Package 'RankAggreg'

Title: Weighted Rank Aggregation
Description: Performs aggregation of ordered lists based on the ranks using several different algorithms: Cross-Entropy Monte Carlo algorithm, Genetic algorithm, and a brute force algorithm (for small problems).
Authors: Vasyl Pihur <[email protected]>, Somnath Datta <[email protected]>, Susmita Datta <[email protected]>
Maintainer: Vasyl Pihur <[email protected]>
License: LGPL
Version: 0.6.6
Built: 2024-09-01 07:04:35 UTC
Source: CRAN

Help Index


Weighted Rank Aggregation via brute force algorithm

Description

Weighted rank aggregation of ordered lists is performed using the brute force approach, i.e. generating all possible ordered lists and finding the list with the minimum value of the objective function

Usage

BruteAggreg(x, k, weights = NULL, distance = c("Spearman", "Kendall"),
            importance=rep(1,nrow(x)), standardizeWeights = TRUE)

Arguments

x

a matrix of ordered lists to be combined (lists must be in rows)

k

size of the top-k list

weights

scores (weights) to be used in the aggregation process

distance

distance which "measures" the similarity between the ordered lists

importance

a vector of weights indicating the importance of each ordered list in x

standardizeWeights

boolean, default is true which standardizes weights to [0,1]

Details

The function performs rank aggregation using the old-fashion brute force approach. This approach works for small problems only and should not be attempted if k is relatively large (k > 10). To generate all possible ordered lists, the permutation function from the gtools package is used. Both weighted and unweighted rank aggregation can be performed. Please refer to the documentation for RankAggreg function as the same constraints on x and index.weights apply to both functions.

Value

top.list

Top-k aggregated list

optimal.value

the minimum value of the objective function corresponding to the top-k list

distance

distance used by the algorithm

method

method used: BruteForce

importance

importance vector used

lists

original lists to be combined

weights

scaled weights used in aggregation

sample

objective function values

sample.size

number of all possible solutions

summary

contains minimum and median values of sample

Author(s)

Vasyl Pihur, Somnath Datta, Susmita Datta

References

Pihur, V., Datta, S., and Datta, S. (2007) "Weighted rank aggregation of cluster validation measures: a Monte Carlo cross-entropy approach" Bioinformatics, 23(13):1607-1615

See Also

RankAggreg

Examples

require(gtools)

# rank aggregation without weights
x <- matrix(c("A", "B", "C", "D", "E",
        "B", "D", "A", "E", "C",
        "B", "A", "E", "C", "D",
        "A", "D", "B", "C", "E"), byrow=TRUE, ncol=5)

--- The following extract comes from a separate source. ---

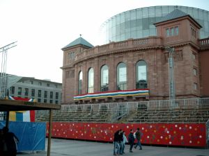 Gutenberg is looking down from his monument to the square in front of the theatre. There, everything is already installed for the big parade on Monday. Buses do not go anymore on this way through the city centre, but have been directed via additional stops around. |

(toplist <- BruteAggreg(x, 5))

# weighted rank aggregation
set.seed(100)
w <- matrix(rnorm(20), ncol=5)
w <- t(apply(w, 1, sort))

(toplist <- BruteAggreg(x,5,w,"Spearman")) # using the Spearman distance
(toplist <- BruteAggreg(x,5,w,"Kendall")) #using the Kendall distance
plot(toplist)

Ordered Gene Lists from 5 microarray studies

Description

This dataset contains five lists of genes, each of size 25, from five independent microarray studies on prostate cancer. The lists are given in Table 4 in the manuscript by DeConde et al. Lists form the rows of the dataset with columns corresponding to the ranks of genes in each individual study.

Usage

data(geneLists)

Format

A matrix of size 5 by 25 containing 5 lists of genes.

Source

R. DeConde, S. Hawley, S. Falcon, N. Clegg, B. Knudsen, and R. Etzioni. Combining results of microarray experiments: a rank aggregation approach. Stat Appl Genet Mol Biol, 5(1):Article15, 2006.

Examples

data(geneLists)
topList <- RankAggreg(geneLists, 5, N=700, seed=100, convIn=3)
plot(topList)

Plot function for raggr object returned by RankAggreg or BruteAggreg

Description

Plots individual ordered lists with the corresponding solution. Optionally, naive average rank aggregation can be added.

Usage

## S3 method for class 'raggr'
plot(x, show.average = TRUE, show.legend = TRUE, colR="red", ...)

Arguments

x

raggr object returned by RankAggreg

show.average

boolean if average aggregation to be plotted

show.legend

boolean if the legend is to be displayed

colR

specifies the color for the resulting list

...

additional plotting parameters

Details

The function plots individual lists and the solution using ranks only (weights are not used at any time). Optional average rank aggregation can be performed and visualized. Average rank aggregation is a simple aggregation procedure which computes the average ranks for each unique element accross and orders them from the smallest to the largest value.

Value

Nothing is returned

Author(s)

Vasyl Pihur, Somnath Datta, Susmita Datta

References

Pihur, V., Datta, S., and Datta, S. (2007) "Weighted rank aggregation of cluster validation measures: a Monte Carlo cross-entropy approach" Bioinformatics, 23(13):1607-1615

See Also

RankAggreg, BruteAggreg

Examples

# rank aggregation without weights
x <- matrix(c("A", "B", "C", "D", "E",
        "B", "D", "A", "E", "C",
        "B", "A", "E", "C", "D",
        "A", "D", "B", "C", "E"), byrow=TRUE, ncol=5)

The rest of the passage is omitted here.